== Material supplied
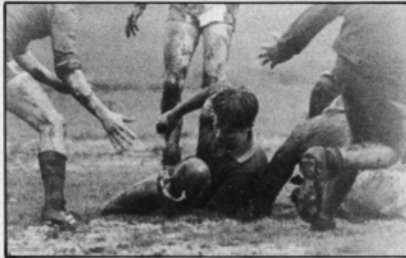
"OH NO! IT'S STUCK!"
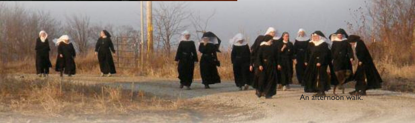
An afternoon walk.
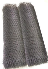
↑ MMO EXPANDED MESH ANODED
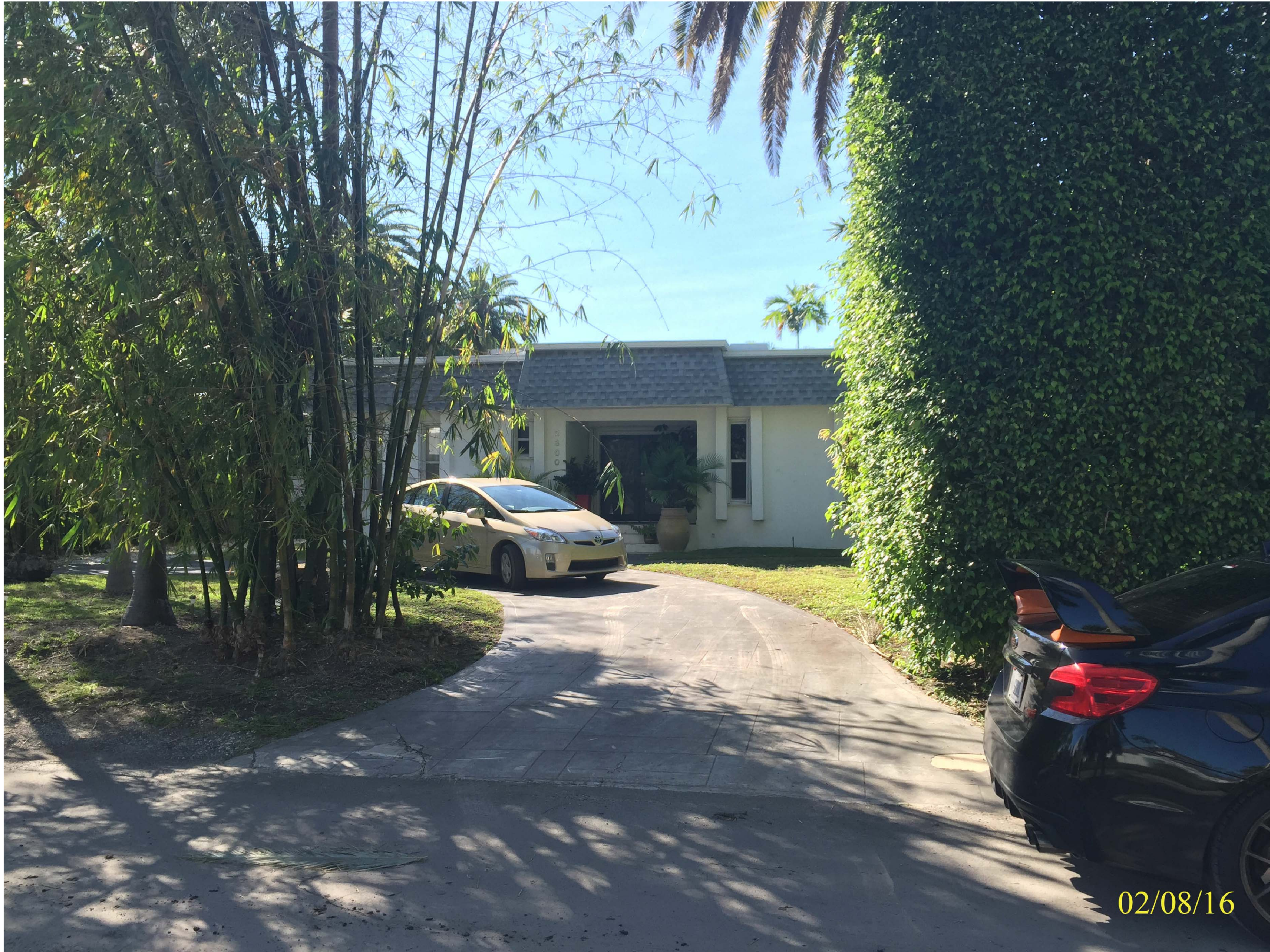
2 2300 LAKE AVE. G1.0 | G1.1 EXISTING SITE N.T.S.
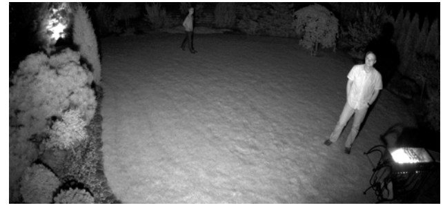
B/W sensor with IR illuminator
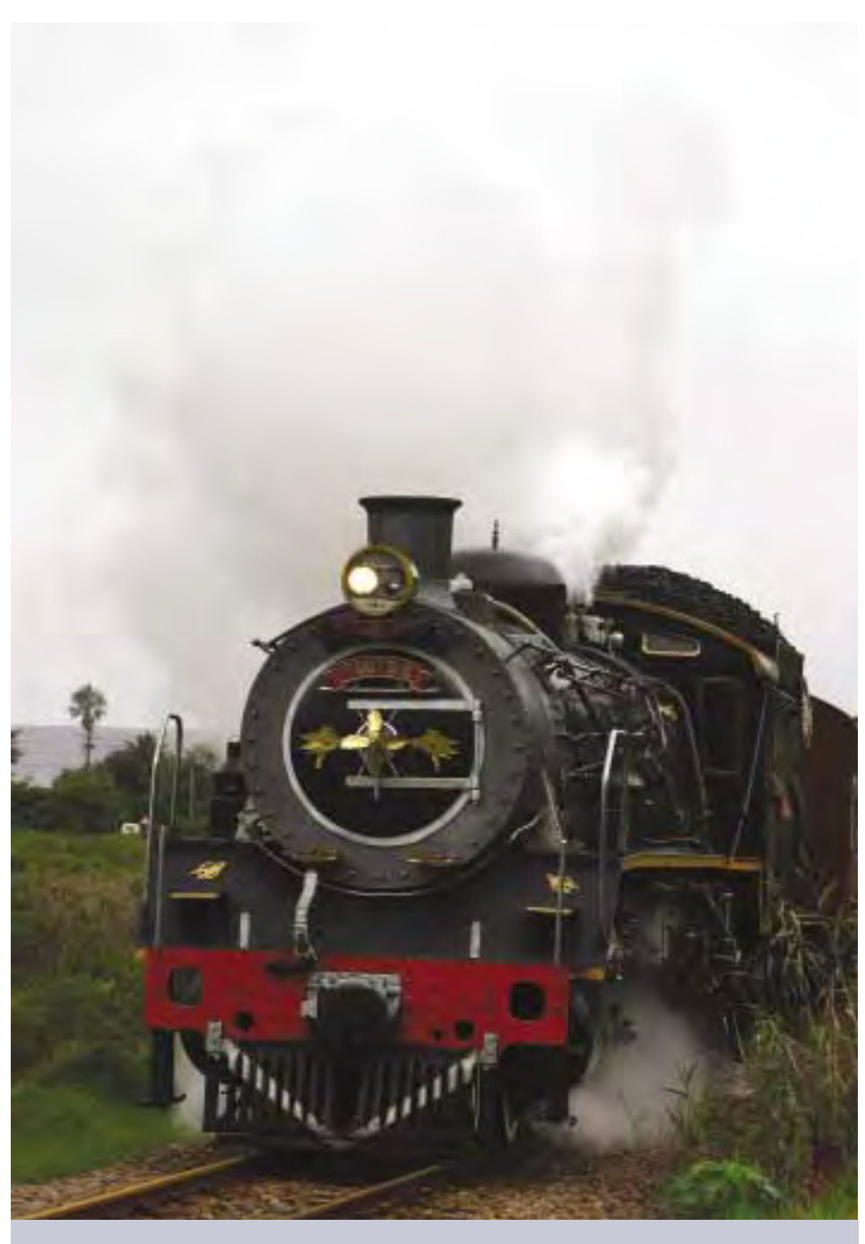
South Africa provides various affordable and comfortable transport options

SATI, was established in 2001 with funds from the Spanish Government. Following a request
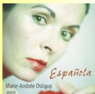
ESPAÑOLA - Enrique Granados & Isaac Albéniz
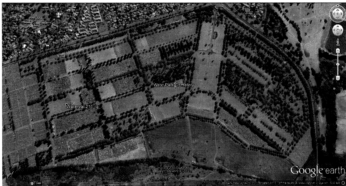
Dr. Christiaan Beyers Naude's grave in Westpark Cemetery, Montgomery Park Johannesburg.

Printed by and obtainable from the Government Printer, Bosman Street, Private Bag X85, Pretoria, 0001
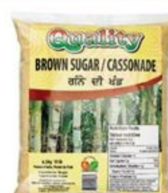
QUALITY BROWN SUGAR 4.5 KG 20178452_EA
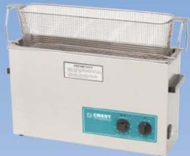
CP 1200 HT with SSMB 1200-DH Mesh Basket with Drain Positioning Handles

* Digital controls not available with CP 200 model
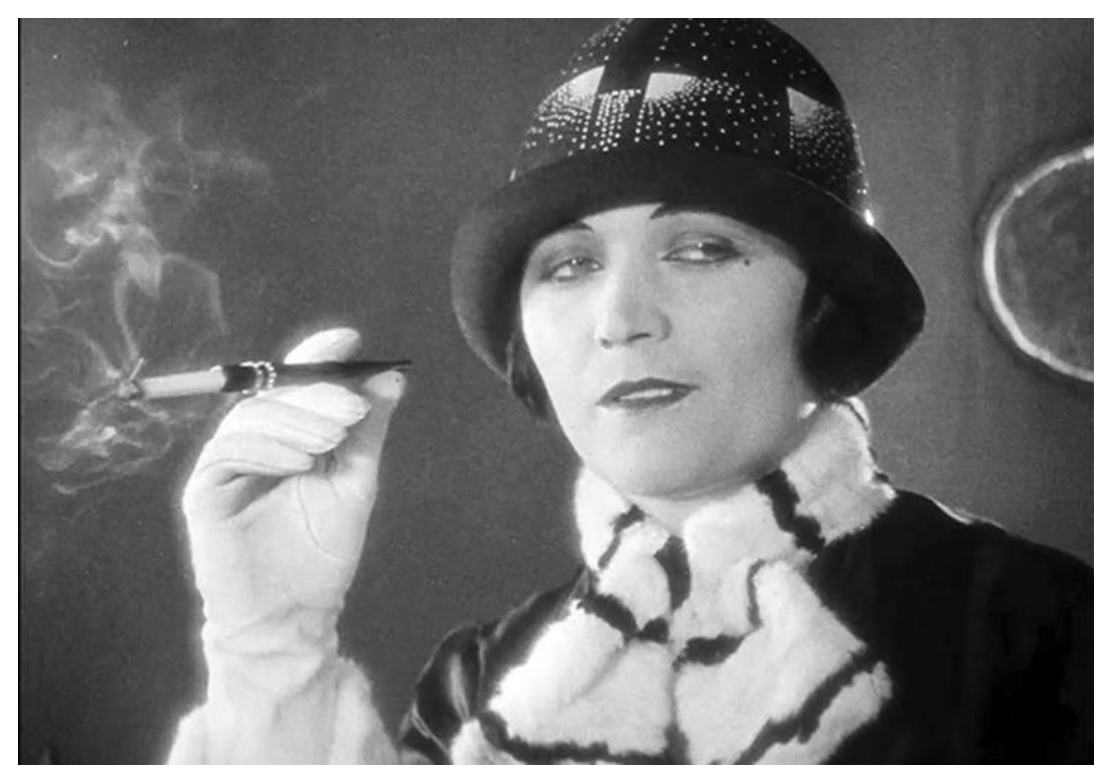
Figure 12. As Italian Countess Elnora Natatorini in The Woman of the World (1925).

and satin, Elnora connotes a sense of bohemia and sophistication at odds with her new surroundings. In one of the early scenes, she scandalises the district attorney to the point where she is asked to leave Maple Valley. 'We don't want loose women from other towns here – (...) and I'll give you twenty minutes to get back from where you came.' 'Pardon, Monsieur', replies the woman with her trademark nonchalance, 'you allow so little time – I come from Italy.'
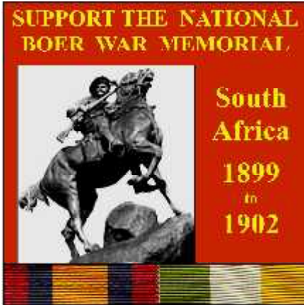
Vinyl Car Sticker 10mm X 10mm, $2.00 ea.
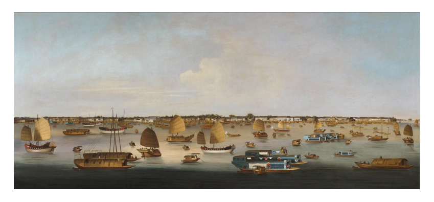
Figure 17. A View of Henan (Honam), painted by Chinese school. ca. 1840

Source: https://www.sohu.com/a/259116024_650077
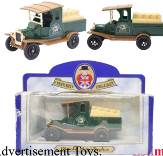
Lot: 608 Tin and Bacalite Advertisement Toys. Estimate: ₹1200 - ₹1500
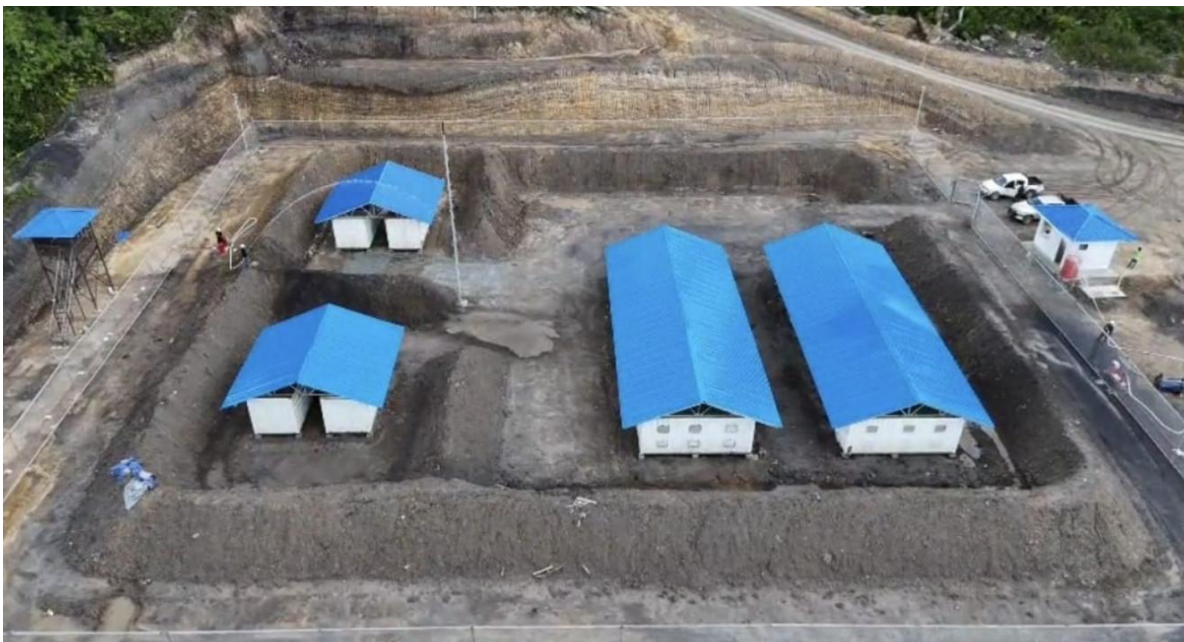
BBM Mine Magazine

The Company will continue to keep the market informed as further operational milestones are achieved.
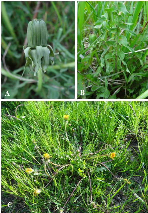
Fig. 6: T. hahnii (Liebenau): A – Flower head and position of the outer bracts; B – Leaf shape; C – habit.
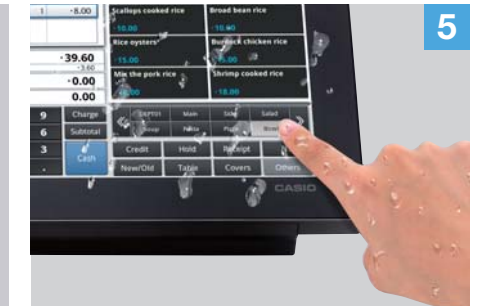
Touch panel screen conforms to the IPX2 drip-resistance which can be operated even with wet hand.
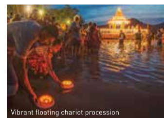
Vibrant floating chariot procession

The Floating Chariot Procession (Masi Magam Theppa Thiruvizha) is a Hindu festival that attracts tens of thousands of devotees to Sri Singamuga Kalliamman Temple between mid-February and mid-March. The ceremony is held to thank the Goddess, Sri Singamuga Kalliamman for her good grace and to ask her for protection and prosperity. During this elaborate procession, the Goddess will be carried on a floating chariot adorned with lights and flowers along the seaside of Teluk Bahang.
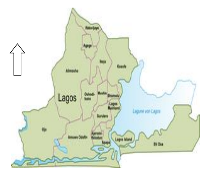
Figure 1: Map of Metropolitan Lagos.

Response rates of 56.8% and 53.5% were achieved for Surulere and Alimosho areas respectively while a 76.2% response rate was gotten for registered Estate Surveying firms. In a bid to further understand powerlines, an in-depth interview with the Managers and field officers of the Akangba and Alimosho PHCN sub station was conducted for the purpose of this research. In all, the survey recorded an average response rate of 66.5% and collated data was analysed using the relative importance index (RII).
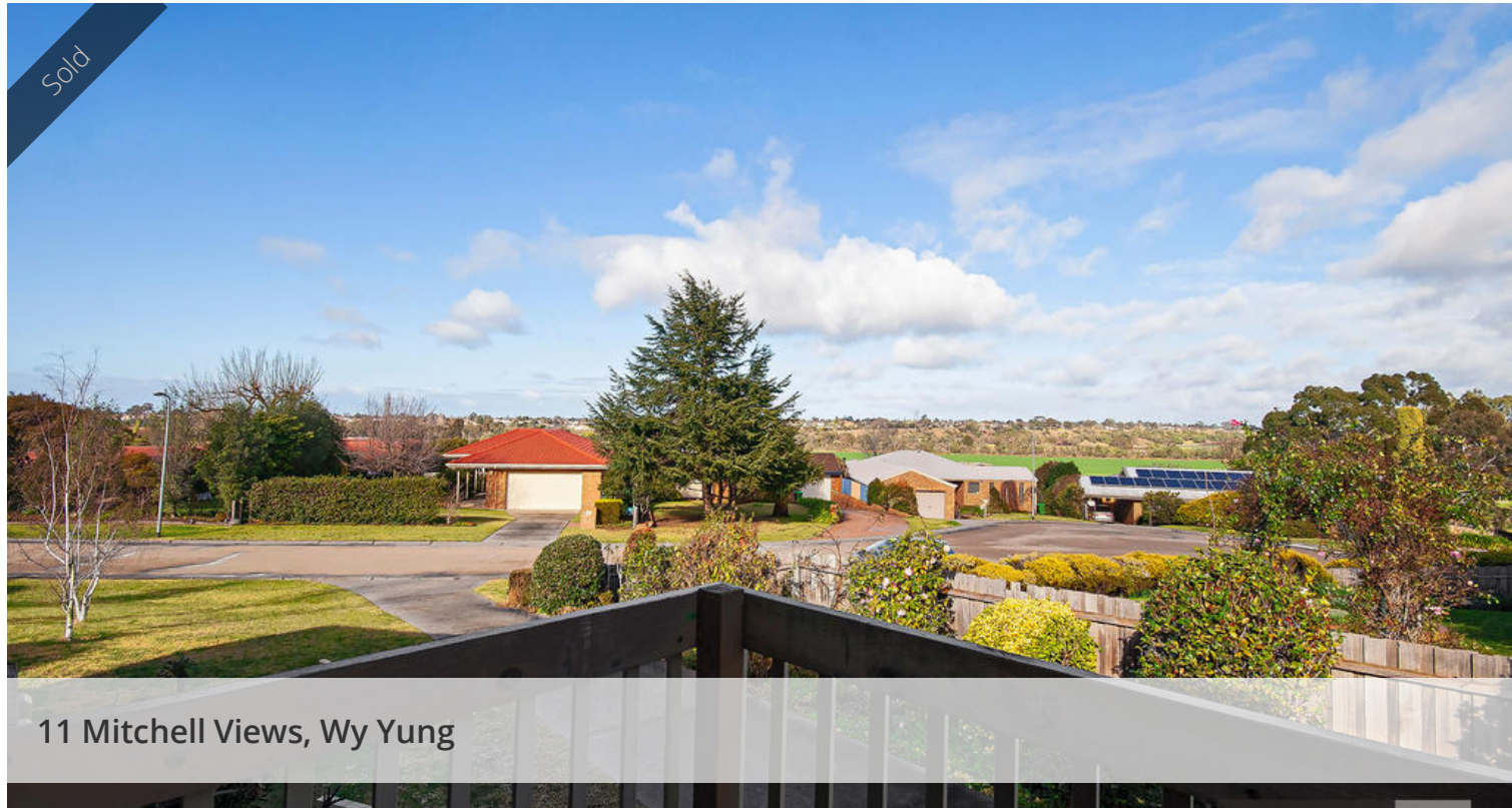
11 Mitchell Views, Wy Yung
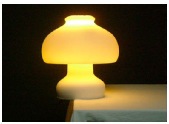
Figure 6. The On-Edge Lamp by Silvia Grimaldi

series) [Fig 6] is meant to discover certain surprising findings in a particular sequence to increase the memorability of the object: the designer intended the lamp, which references the form and material of glass lamps, to sit on the edge of the table, so as to appear in a position of danger and activate a gut reaction in the viewer to want to move it onto the table. This has two effects — when the lamp is fully on the table it shuts itself off, revealing that it is meant to be on the edge, and also by touching the lamp the user realises that it is made of rubber, not glass, and is hence not as delicate as it appeared [20].
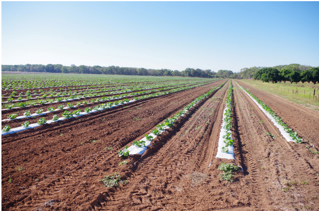
Figure 2.7 Cucurbit farm east of Darwin, NT.
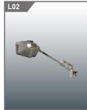
50W LED鸭嘴大灯 50W LED Spade lamp
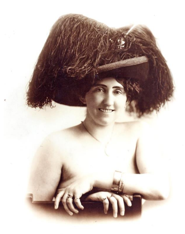
Baker City Prostitute, ca. 1906

The white city fathers purposely turned a blind eye to goings on, including opium dens, in Chinatown, apparently not concerned about the internal moral affairs of the Chinese. However, in September 1906, city council considered ordering erection of a tall fence to wall off the Nile District "to make it less offensive to the people passing on the several thoroughfares bordering that district." Access to Chinatown would be through a gate in the fence at the corner of Resort and Auburn.
====
Problem to solve | Within the listing above, find the line containing "Figure 17. A" and the line containing "Figure 6. The On-Edge Lamp by Silvia Grimaldi". Transcribe them and everything between them exactly, leaving out the pictures.

Answer to the problem |
Figure 17. A View of Henan (Honam), painted by Chinese school. ca. 1840

Source: https://www.sohu.com/a/259116024_650077
Lot: 608 Tin and Bacalite Advertisement Toys. Estimate: ₹1200 - ₹1500
BBM Mine Magazine

The Company will continue to keep the market informed as further operational milestones are achieved.
Fig. 6: T. hahnii (Liebenau): A – Flower head and position of the outer bracts; B – Leaf shape; C – habit.
Touch panel screen conforms to the IPX2 drip-resistance which can be operated even with wet hand.
Vibrant floating chariot procession

The Floating Chariot Procession (Masi Magam Theppa Thiruvizha) is a Hindu festival that attracts tens of thousands of devotees to Sri Singamuga Kalliamman Temple between mid-February and mid-March. The ceremony is held to thank the Goddess, Sri Singamuga Kalliamman for her good grace and to ask her for protection and prosperity. During this elaborate procession, the Goddess will be carried on a floating chariot adorned with lights and flowers along the seaside of Teluk Bahang.
Figure 1: Map of Metropolitan Lagos.

Response rates of 56.8% and 53.5% were achieved for Surulere and Alimosho areas respectively while a 76.2% response rate was gotten for registered Estate Surveying firms. In a bid to further understand powerlines, an in-depth interview with the Managers and field officers of the Akangba and Alimosho PHCN sub station was conducted for the purpose of this research. In all, the survey recorded an average response rate of 66.5% and collated data was analysed using the relative importance index (RII).
11 Mitchell Views, Wy Yung
Figure 6. The On-Edge Lamp by Silvia Grimaldi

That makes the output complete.